• [Exercise]: Would you please write out only the lines running from the top of the listing through the one holding "Kit Saving: DC006", exactly, with both ends kept and pictures left out?

• [Available data]:
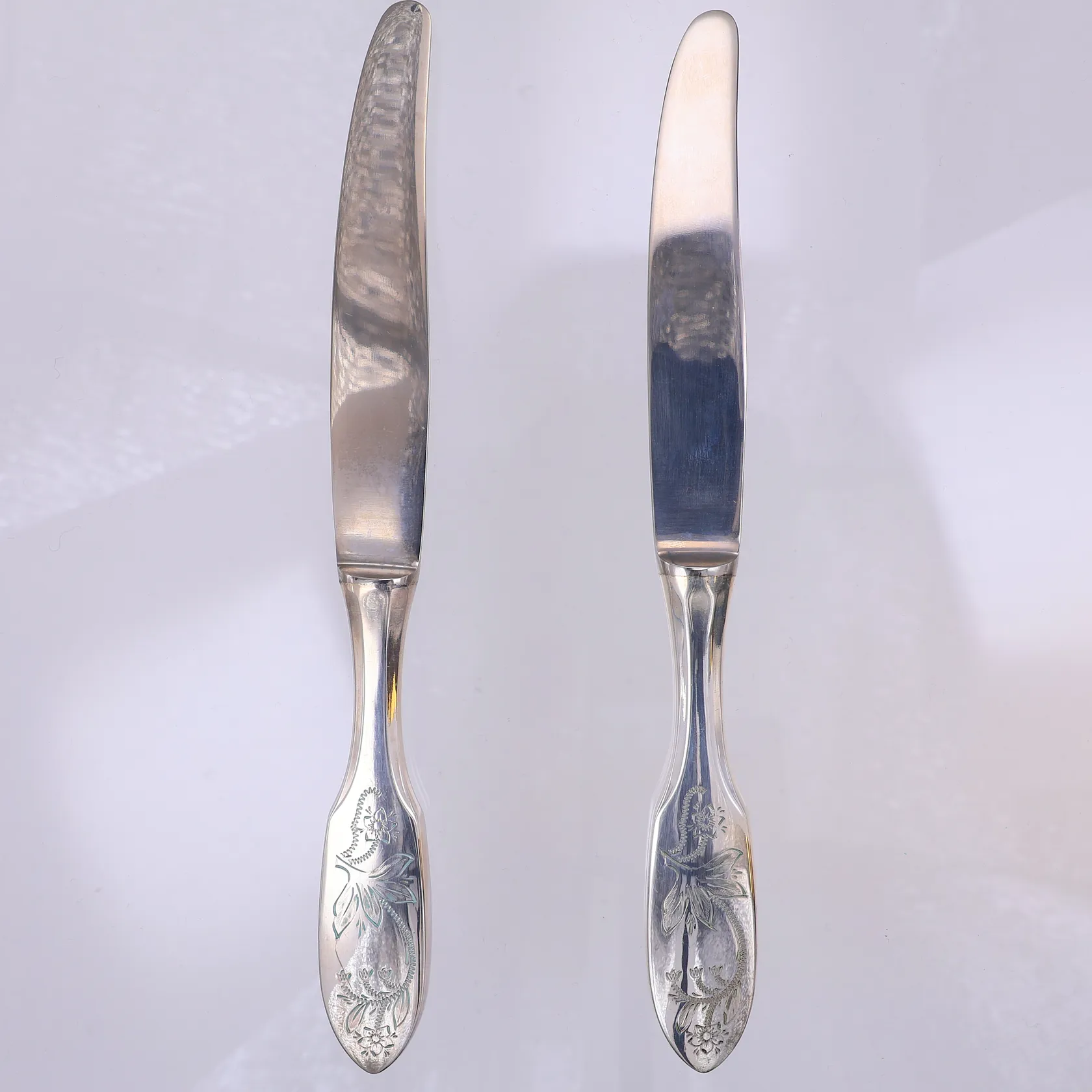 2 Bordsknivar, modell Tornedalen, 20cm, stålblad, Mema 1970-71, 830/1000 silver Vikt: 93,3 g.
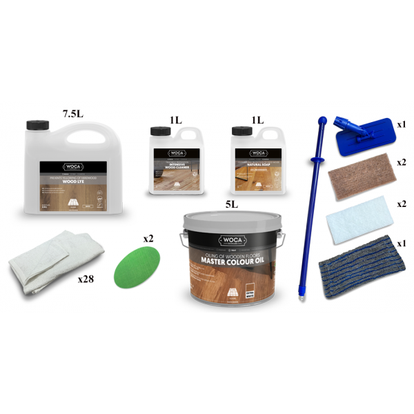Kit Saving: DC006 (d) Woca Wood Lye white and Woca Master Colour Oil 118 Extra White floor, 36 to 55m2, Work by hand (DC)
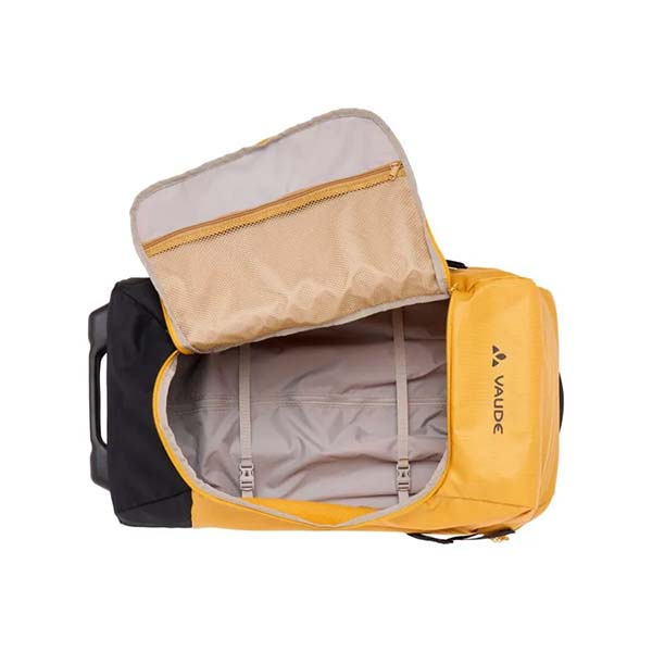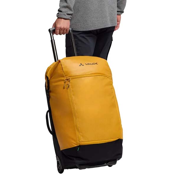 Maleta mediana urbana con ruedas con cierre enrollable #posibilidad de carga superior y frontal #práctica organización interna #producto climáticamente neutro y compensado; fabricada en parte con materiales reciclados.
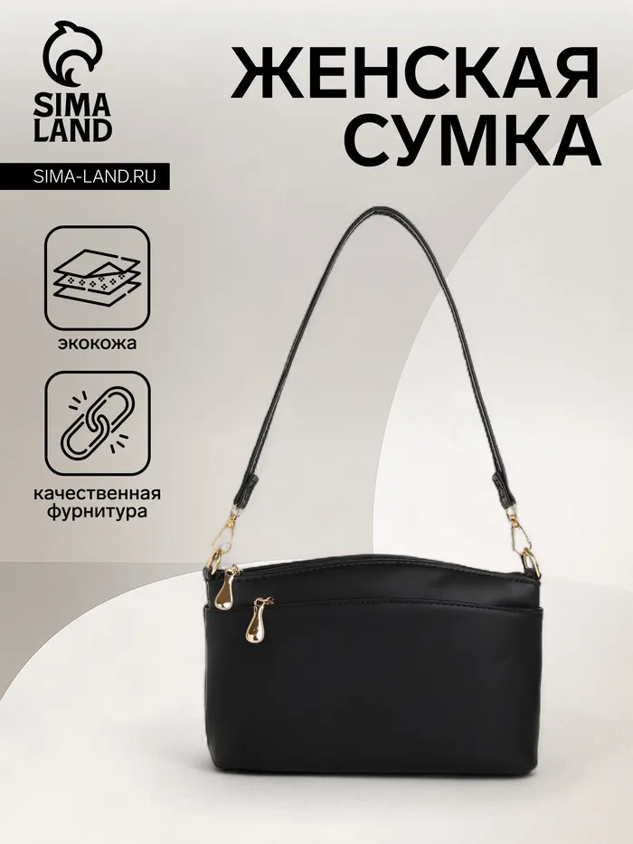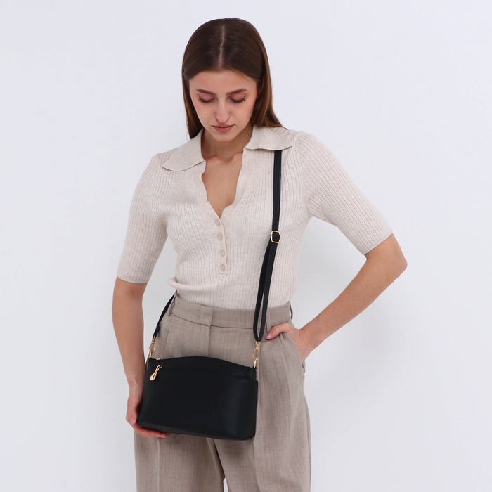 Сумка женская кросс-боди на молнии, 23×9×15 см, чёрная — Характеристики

• [Your response]:
 2 Bordsknivar, modell Tornedalen, 20cm, stålblad, Mema 1970-71, 830/1000 silver Vikt: 93,3 g.
Kit Saving: DC006 (d) Woca Wood Lye white and Woca Master Colour Oil 118 Extra White floor, 36 to 55m2, Work by hand (DC)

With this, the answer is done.